Extracted data entries
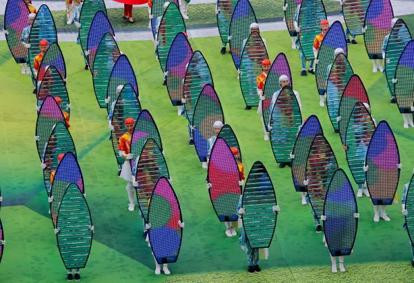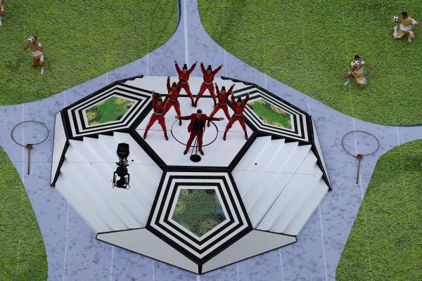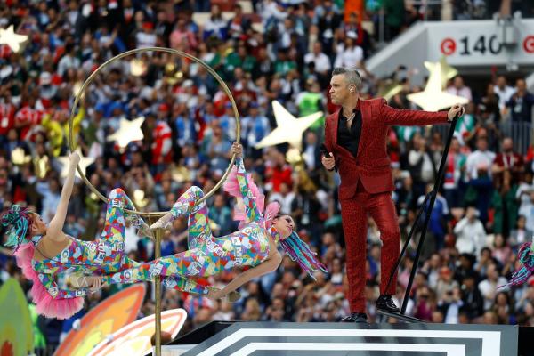 O Ρόμπι Γουίλιαμς βρέθηκε στη μέση του γηπέδου και με ένα πολύ εντυπωσιακό σκηνικό ξεκίνησε να τραγουδάει τις μεγάλες του επιτυχίες στην τελετή έναρξης του Παγκόσμιου Κυπέλλου.
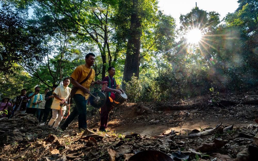 3月25日,景邁山茶農(nóng)前往古茶林準(zhǔn)備舉行祭拜儀式。新華社記者 江文耀 攝
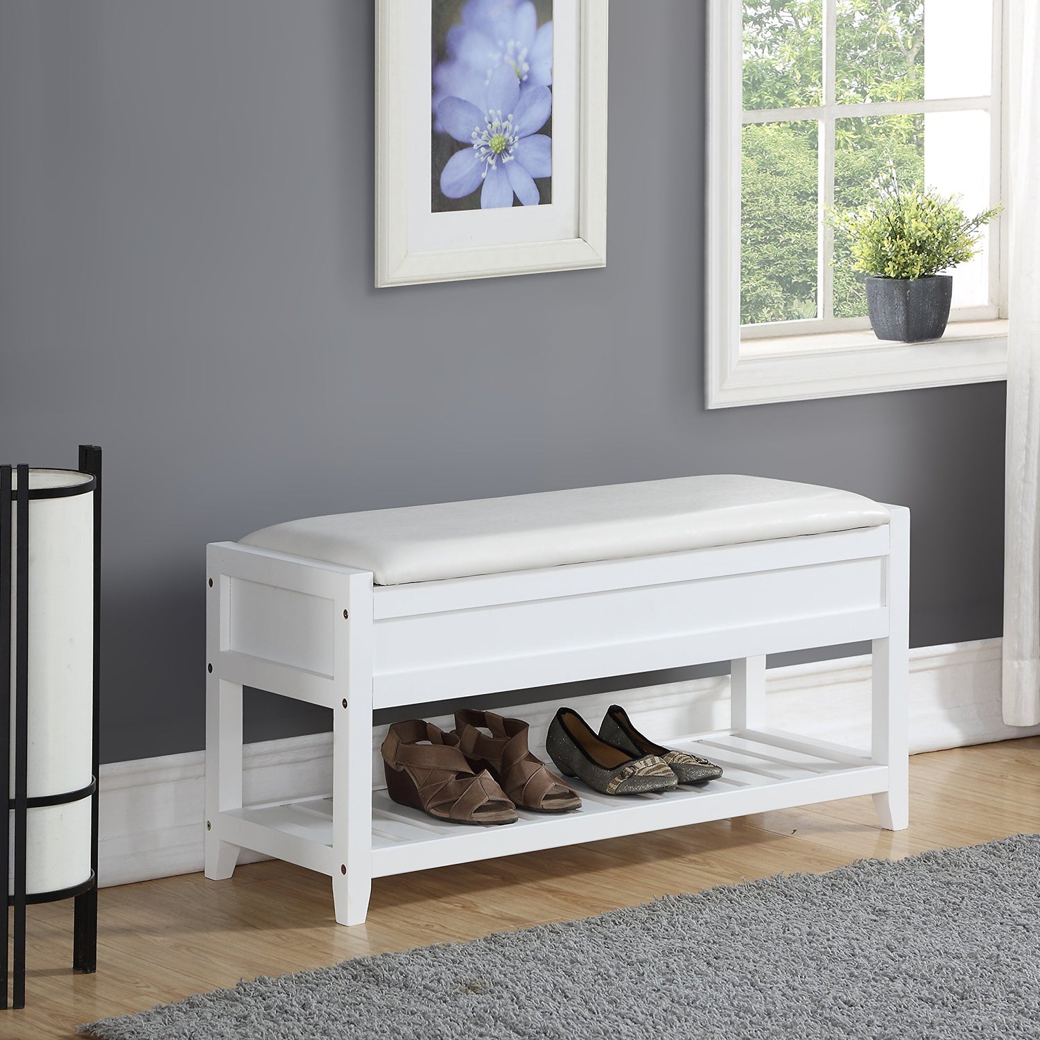 Details: Perfect in the entryway, this Rouen Clean White Seating Bench with Shoe Storage provides a practical place to sit and is loaded with smart storage. Sit on the cushioned seats of this bench or lift to reveal open storage inside. A handy open shelf below is perfect for storing shoes, boxes, and more. The bench is constructed of a clean white wood frame and slatted shoe shelf with white PU leather upholstery and a padded seat cushion. This storage bench has a transitional design that works with any decor and is available in finish options.
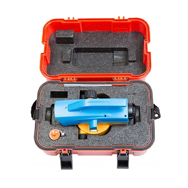 Прибор поставляется в прочном пластиковом кейсе в комплекте с нитяным отвесом и юстировочными инструментами.
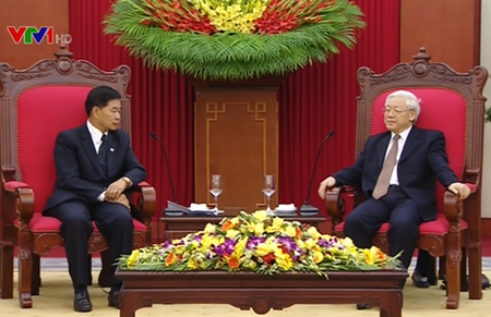 ເລຂາທິການໃຫຍ່ຫງວຽນຟູ໋ຈ້ອງ ຕ້ອນຮັບເຈົ້າຄອງນະຄອນຫຼວງ ວຽງຈັນ, ປະເທດລາວ
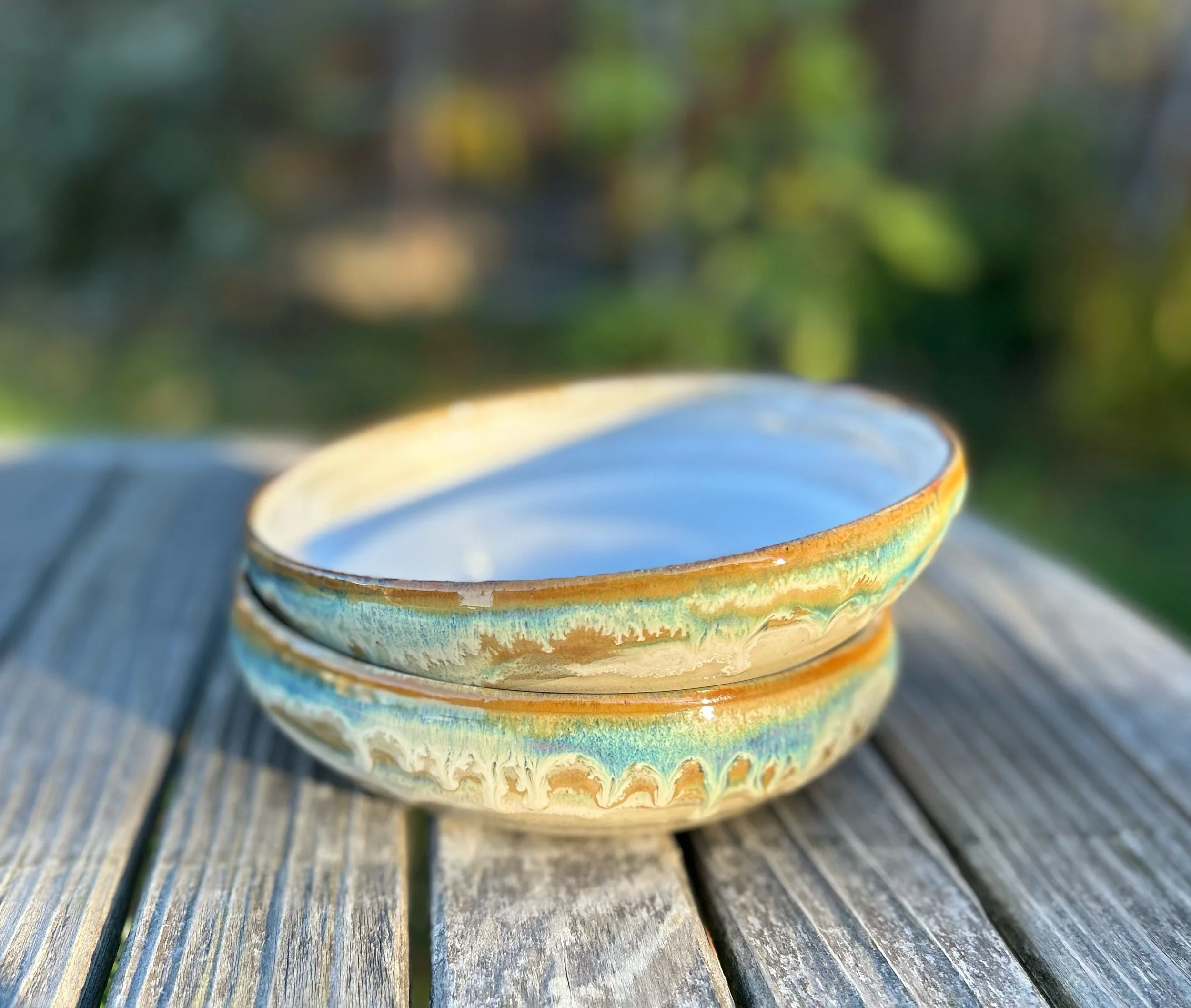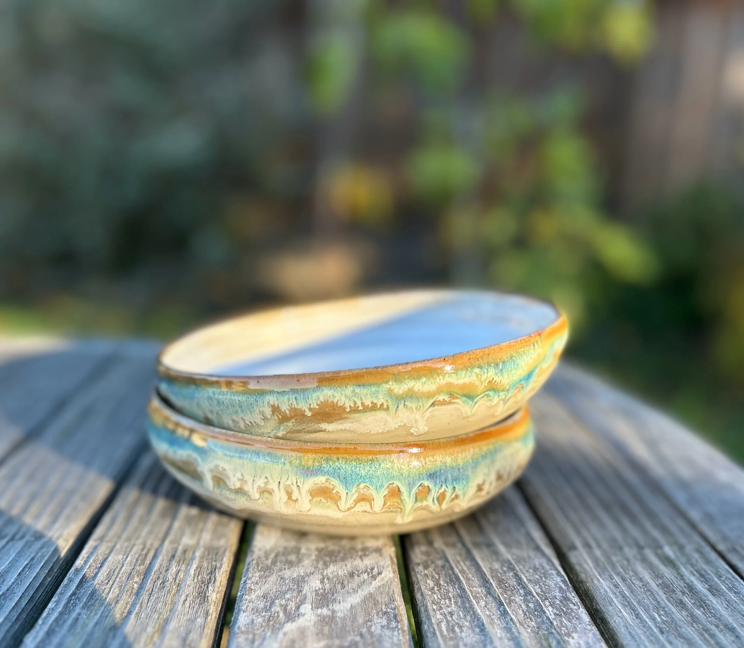 Set of 2 hand thrown and glazed ceramic stoneware pasta bowls. Set of 2. Dishwasher safe.
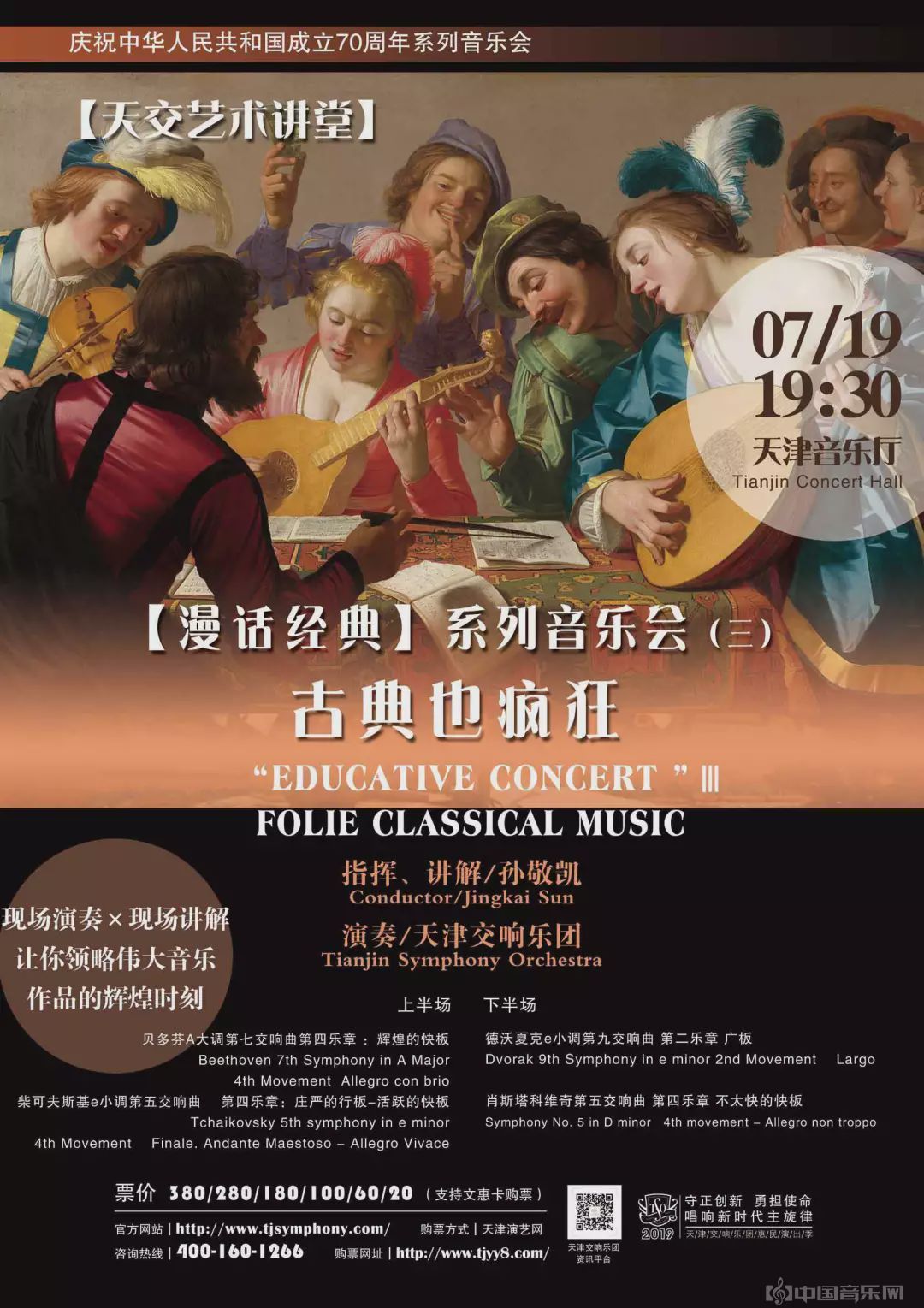 2019年,“天津交响乐团艺术讲堂——漫话经典”系列音乐会共举办5场演出,青年指挥家孙敬凯率乐团以边讲解边演奏的方式,带领观众深入了解古典音乐大师的经典作品,受到大家的欢迎与肯定。
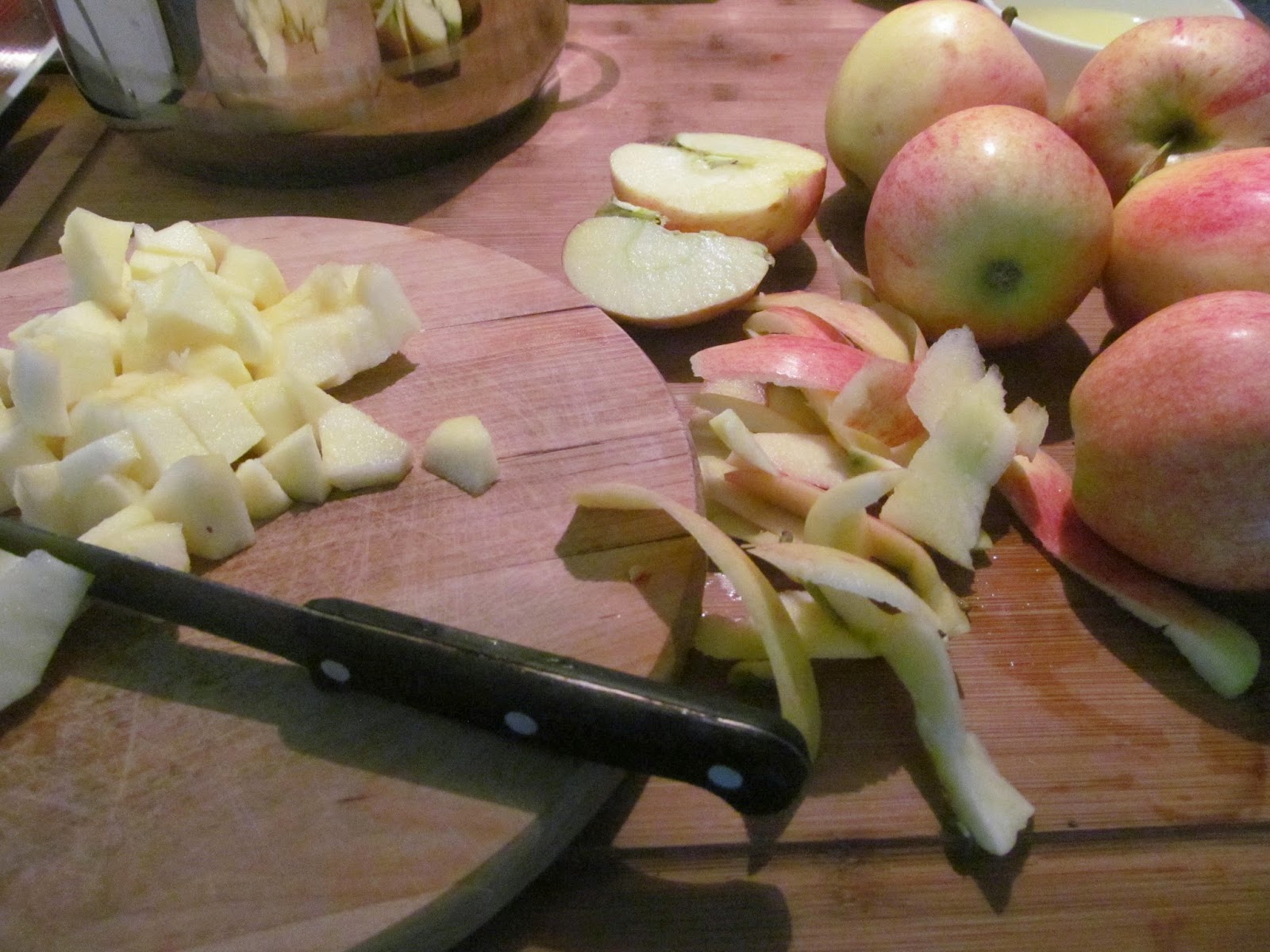 - Отделям една ябълка за декорация и останалите ги измивам, обелвам, изчиствам от семките и нарязвам на малки кубчета.
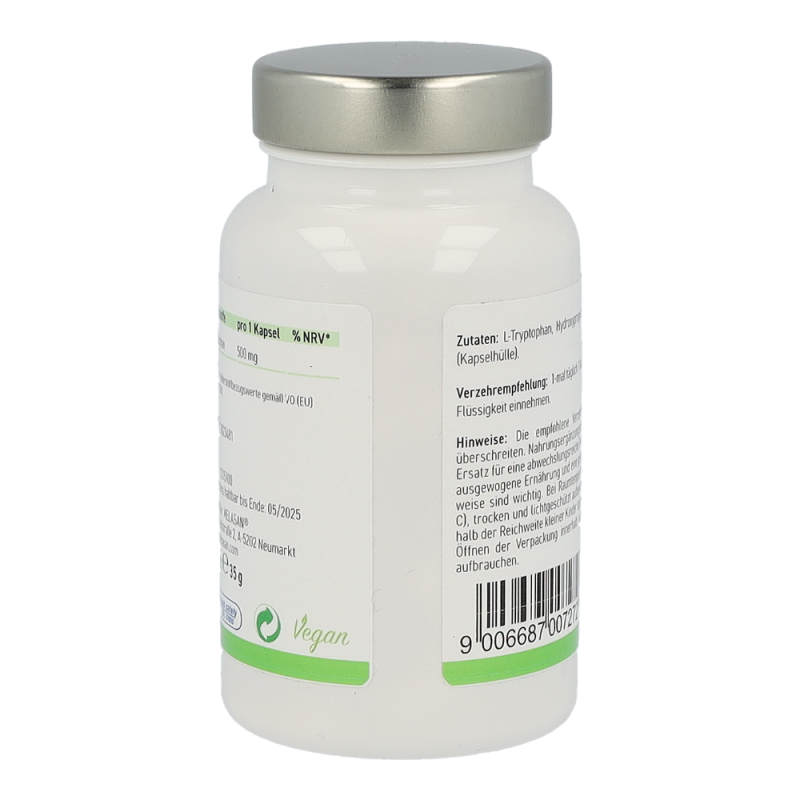 Tryptophan Kapseln 500an – Die Aminosäure L-Tryptophan ist lebensnotwendig und muss ausreichend mit der Nahrung zugeführt werden

WORK INSTRUCTION — An exact copy is needed. It runs from the line above containing "Details: Perfect in" down to the line containing "- Отделям една", both included, with no pictures.

TASK RESULT —
 Details: Perfect in the entryway, this Rouen Clean White Seating Bench with Shoe Storage provides a practical place to sit and is loaded with smart storage. Sit on the cushioned seats of this bench or lift to reveal open storage inside. A handy open shelf below is perfect for storing shoes, boxes, and more. The bench is constructed of a clean white wood frame and slatted shoe shelf with white PU leather upholstery and a padded seat cushion. This storage bench has a transitional design that works with any decor and is available in finish options.
 Прибор поставляется в прочном пластиковом кейсе в комплекте с нитяным отвесом и юстировочными инструментами.
 ເລຂາທິການໃຫຍ່ຫງວຽນຟູ໋ຈ້ອງ ຕ້ອນຮັບເຈົ້າຄອງນະຄອນຫຼວງ ວຽງຈັນ, ປະເທດລາວ
 Set of 2 hand thrown and glazed ceramic stoneware pasta bowls. Set of 2. Dishwasher safe.
 2019年,“天津交响乐团艺术讲堂——漫话经典”系列音乐会共举办5场演出,青年指挥家孙敬凯率乐团以边讲解边演奏的方式,带领观众深入了解古典音乐大师的经典作品,受到大家的欢迎与肯定。
 - Отделям една ябълка за декорация и останалите ги измивам, обелвам, изчиствам от семките и нарязвам на малки кубчета.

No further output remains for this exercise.